• AIM OF THE TASK
Could you give the data below again exactly, apart from the pictures?

• THE DATA

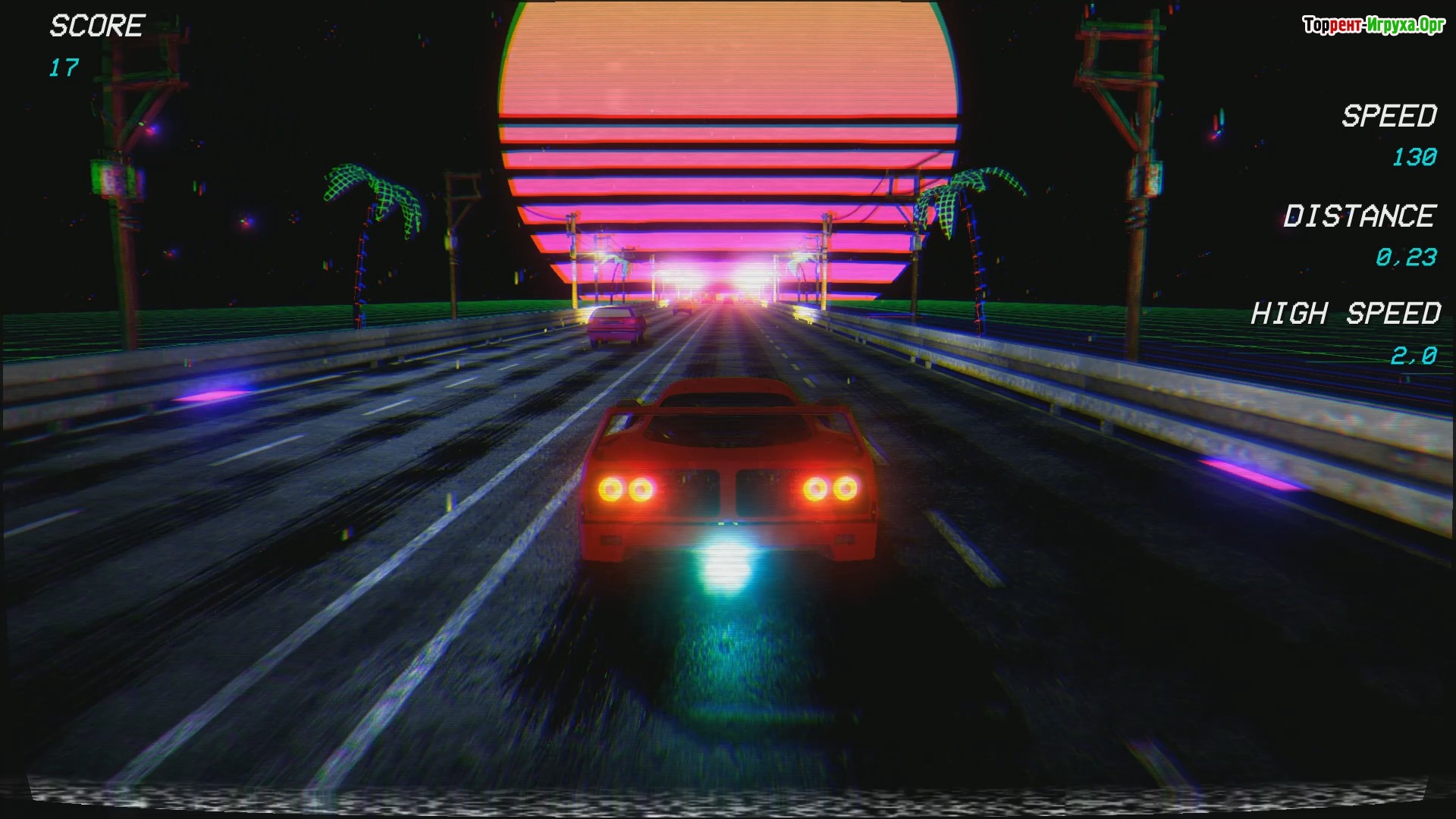 Retrowave — это уникальная гоночная игра от разработчика RewindApp, выпущенная в 2022 году, которая погружает игроков в атмосферу 80-х благодаря яркой ретро-графике. В игре вы окунётесь в неоновое сияние ночного города, мчась по бескрайнему шоссе, окружённому фантастическими пальмами и эффектными огнями.
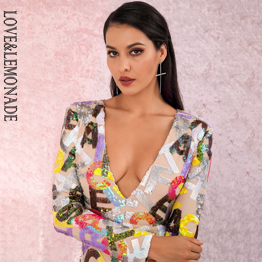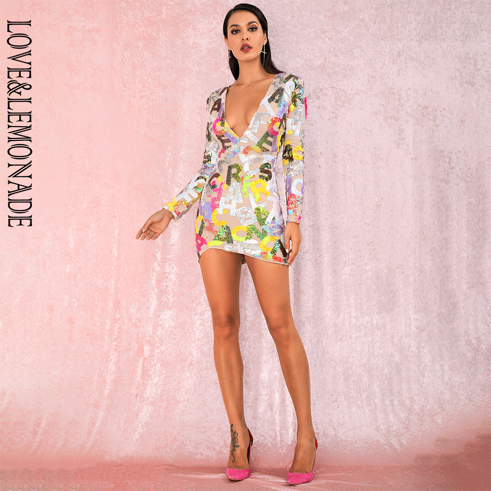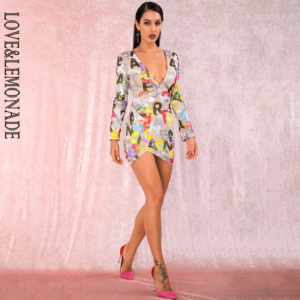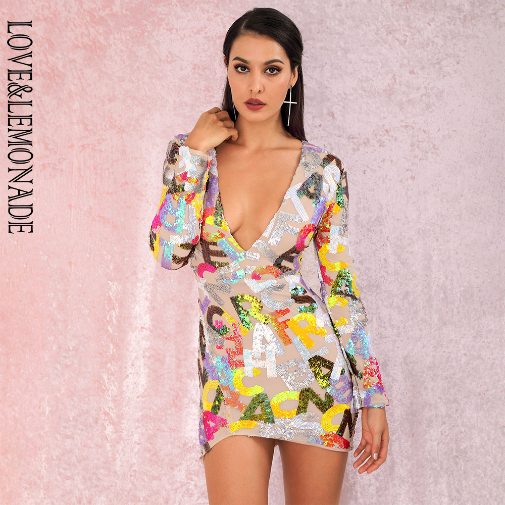 Party Mini Dress Deep V Neck Cut Out Letter Sequins Bodycon Long sleeved
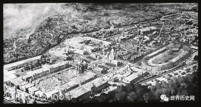 左边是法兰西-不列颠会展的展览馆,右边则是白城体育场

• SOLUTION BELOW
 Retrowave — это уникальная гоночная игра от разработчика RewindApp, выпущенная в 2022 году, которая погружает игроков в атмосферу 80-х благодаря яркой ретро-графике. В игре вы окунётесь в неоновое сияние ночного города, мчась по бескрайнему шоссе, окружённому фантастическими пальмами и эффектными огнями.
 Party Mini Dress Deep V Neck Cut Out Letter Sequins Bodycon Long sleeved
 左边是法兰西-不列颠会展的展览馆,右边则是白城体育场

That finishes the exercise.